BEGIN Data
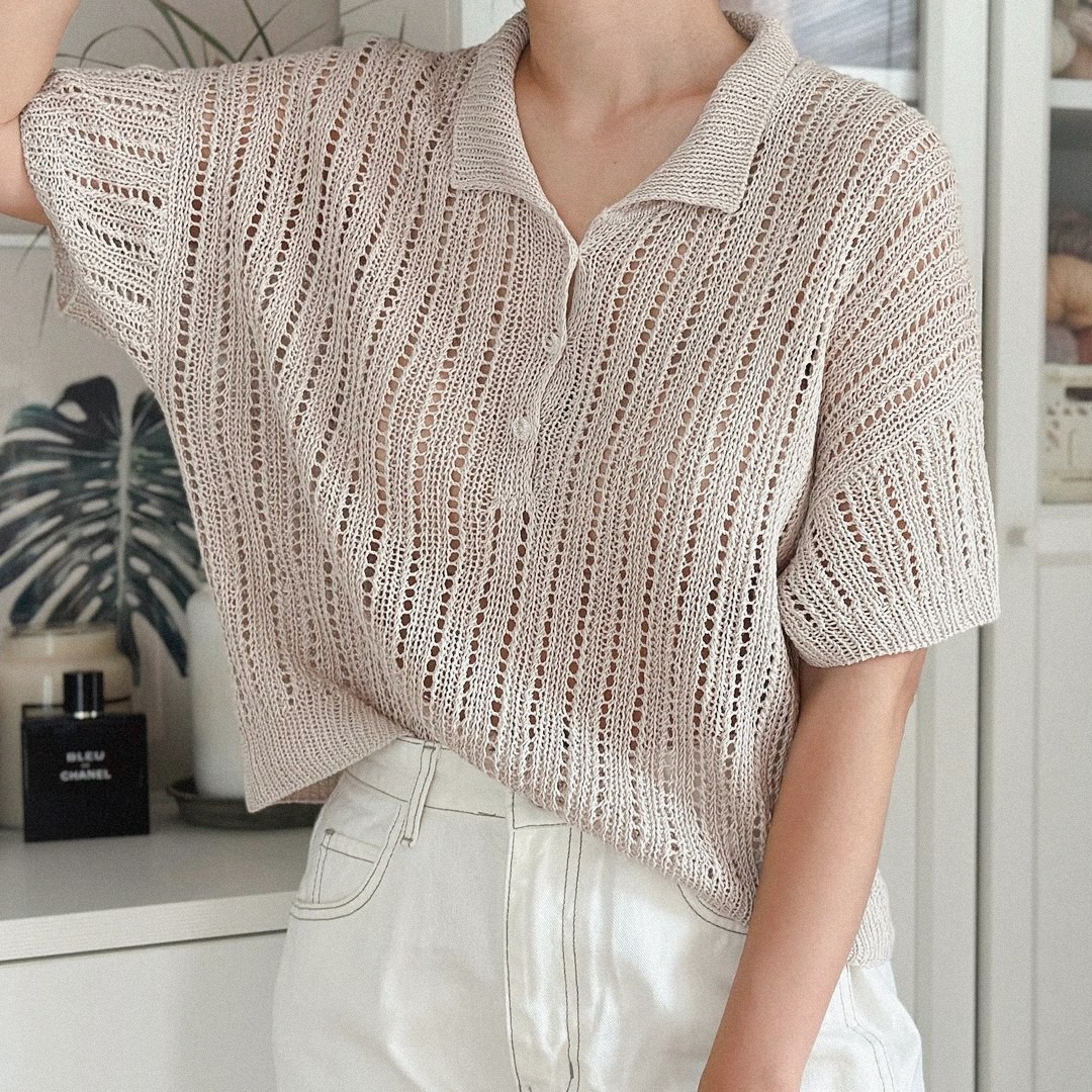 И третья модель — лёгкое ажурное поло расслабленного фасона со спущенной линий плечевого шва. Изделие выглядит нежно благодаря воздушному узору и легкой пряже.
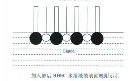 乙醇和正丁醇屬于一元醇,這兩種醇的加入能使BHEC水溶液的表面張力減小。當(dāng)未加入一元醇時,BHEC溶于水后,BHEC分子能自發(fā)地吸附在溶液的表面,使溶液的表面張力降低,表面吸附的BHEC分子越多,溶液表面張力的降幅越大,當(dāng)然這其中有一個吸附飽和的問題。但由于BHEC分子在水中處于空間交聯(lián)網(wǎng)絡(luò)結(jié)構(gòu),其定向排列時分子間存在一定的空間(見上圖)。加入乙醇或正丁醇后,醇分子可以插入BHEC分子間的空隙,使溶液表面吸附的分子達(dá)到緊密排列的狀態(tài)(見下圖),導(dǎo)致BHEC水溶液的表面張力繼續(xù)降低。
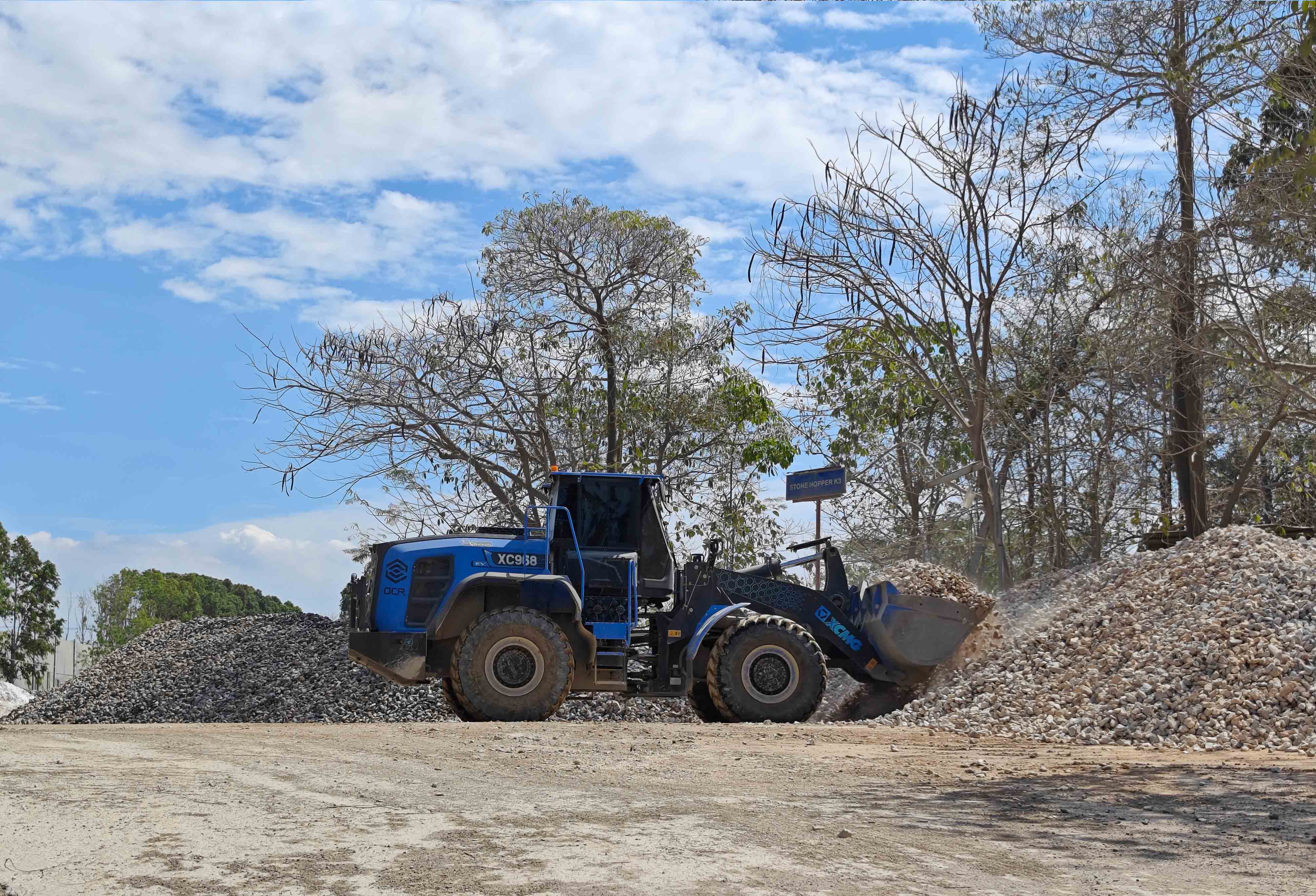 礦山生產,作業(yè)時間長,物料堅硬密度高,道路崎嶇,工況較為險重。徐工XC968-EV純電動裝載機的新能源優(yōu)勢,在礦道端的鏟裝作業(yè)優(yōu)勢非常明顯,相對密閉空間內,零排放、低噪音對工段一起作業(yè)的戶外工作人員的健康非常友好。
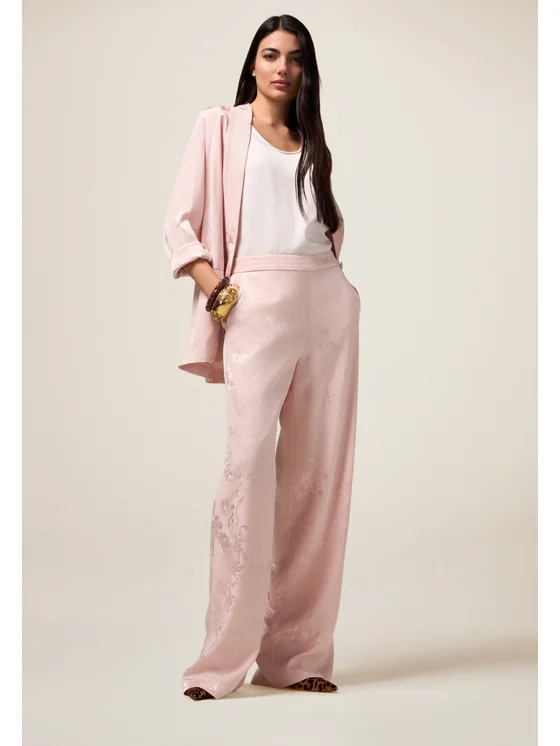 Pantaloni palazzo realizzati in tessuto jacquard di viscosa; vita elasticizzata internamente, dietro; tasche all'americana davanti.
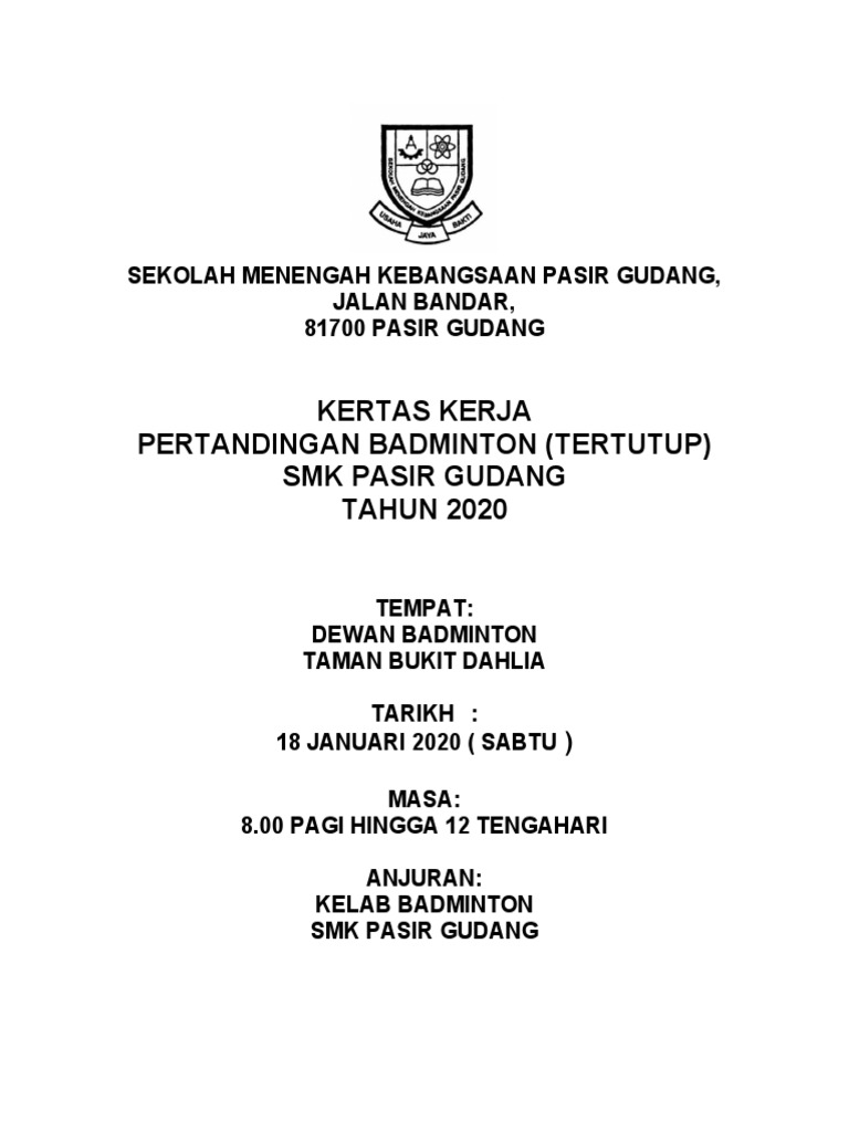 Kertas Kerja Pertandingan Badminton 2020
END Data
* _About this exercise_
Reproduce verbatim, and only, the lines starting at the one that contains "Pantaloni palazzo realizzati" and ending with the final line of the records; leave out the pictures.

* _Exercise result_
 Pantaloni palazzo realizzati in tessuto jacquard di viscosa; vita elasticizzata internamente, dietro; tasche all'americana davanti.
 Kertas Kerja Pertandingan Badminton 2020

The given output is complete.